> [ACTION ITEM]:
Apart from the images, the entire listing below must be restated word for word.

** SUPPLIED DATA follows **

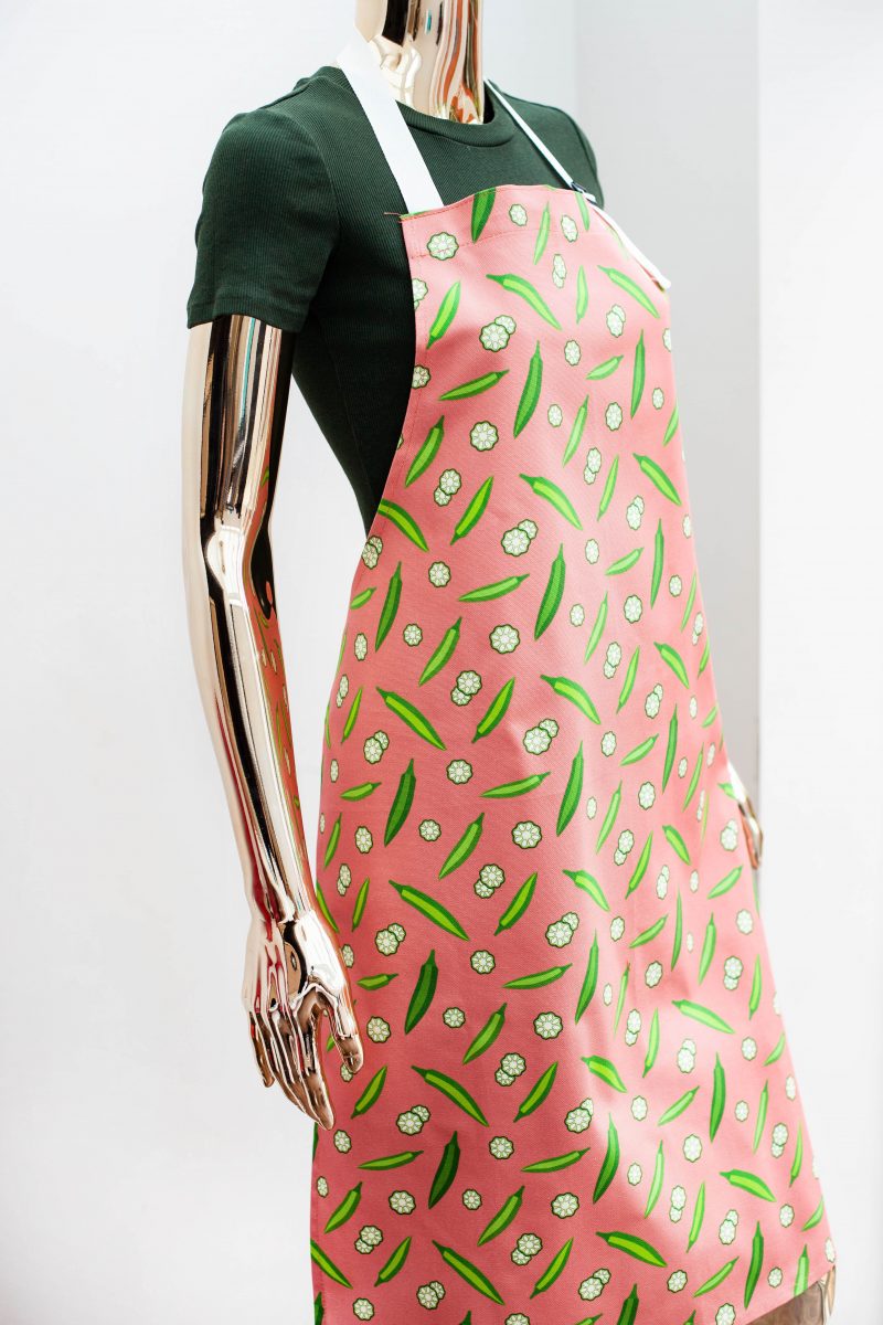 Apron with okra pattern in pink colour
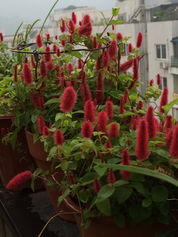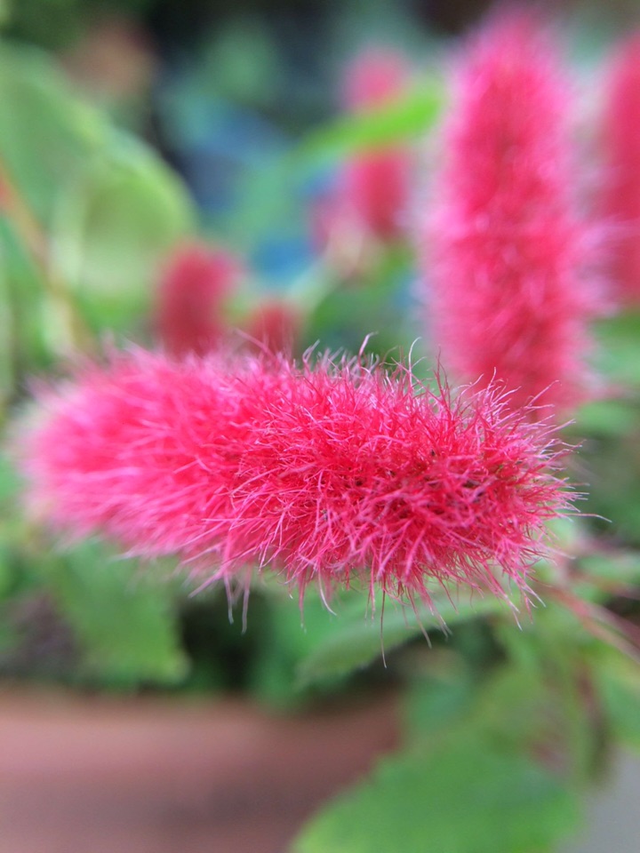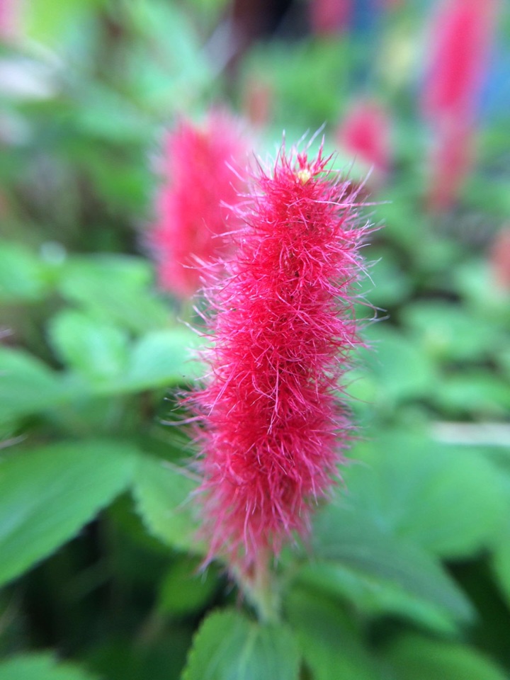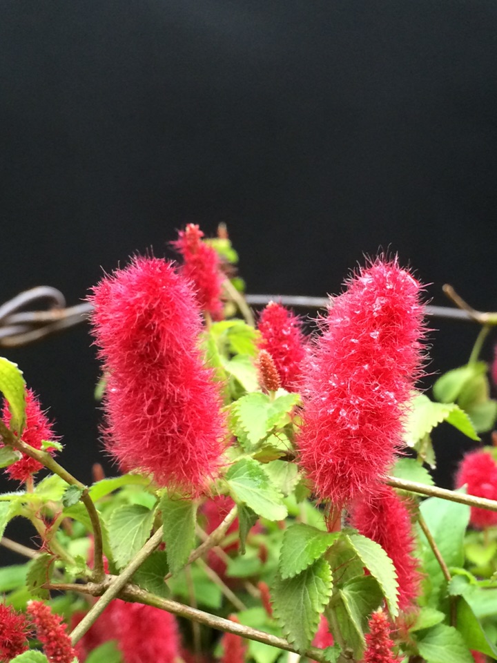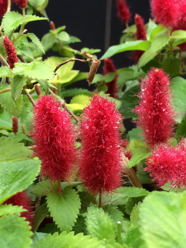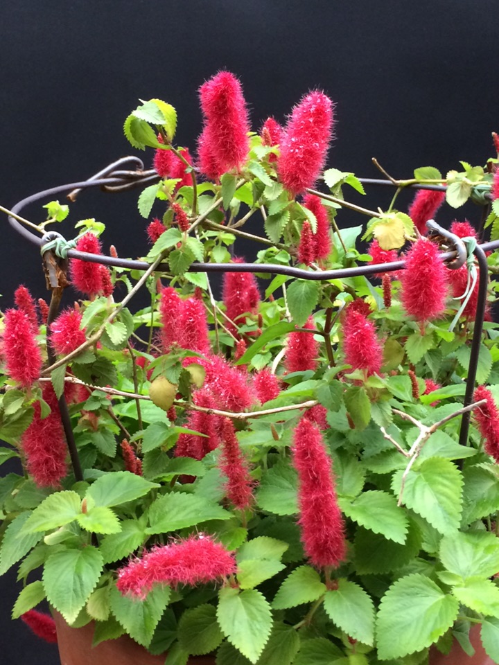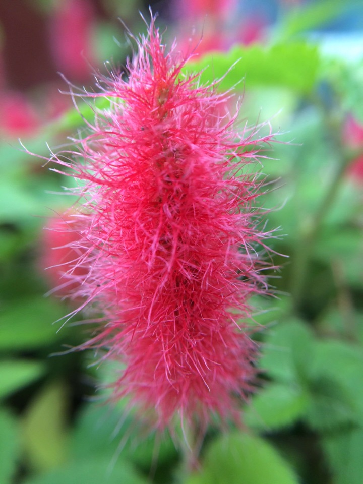 红尾铁苋是多年生常绿蔓性小灌木,株高20cm,适合家庭盆栽。叶互生,卵圆形,先端渐尖,叶缘有细齿,基部楔形,柔荑花序,具毛、红色。因其形似猫的尾巴,故又名猫尾红。现在是盛花期,扦插容易,成活率很高,扦插苗开花比母本开的好!
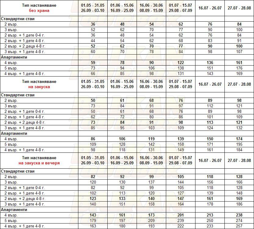 За места в хотела и калкулация на цена ни трябват точни дати от/до, брой нощувки, колко възрастни и деца в стая, навършени години на децата. Ползвайте бутона - Резервирай за да видите всички цени Или се обадете на 02 / 950 22 05, 02 / 980 1004, 0885 596 067

** End of SUPPLIED DATA **

> [OUTPUT BELOW]:
 Apron with okra pattern in pink colour
 红尾铁苋是多年生常绿蔓性小灌木,株高20cm,适合家庭盆栽。叶互生,卵圆形,先端渐尖,叶缘有细齿,基部楔形,柔荑花序,具毛、红色。因其形似猫的尾巴,故又名猫尾红。现在是盛花期,扦插容易,成活率很高,扦插苗开花比母本开的好!
 За места в хотела и калкулация на цена ни трябват точни дати от/до, брой нощувки, колко възрастни и деца в стая, навършени години на децата. Ползвайте бутона - Резервирай за да видите всички цени Или се обадете на 02 / 950 22 05, 02 / 980 1004, 0885 596 067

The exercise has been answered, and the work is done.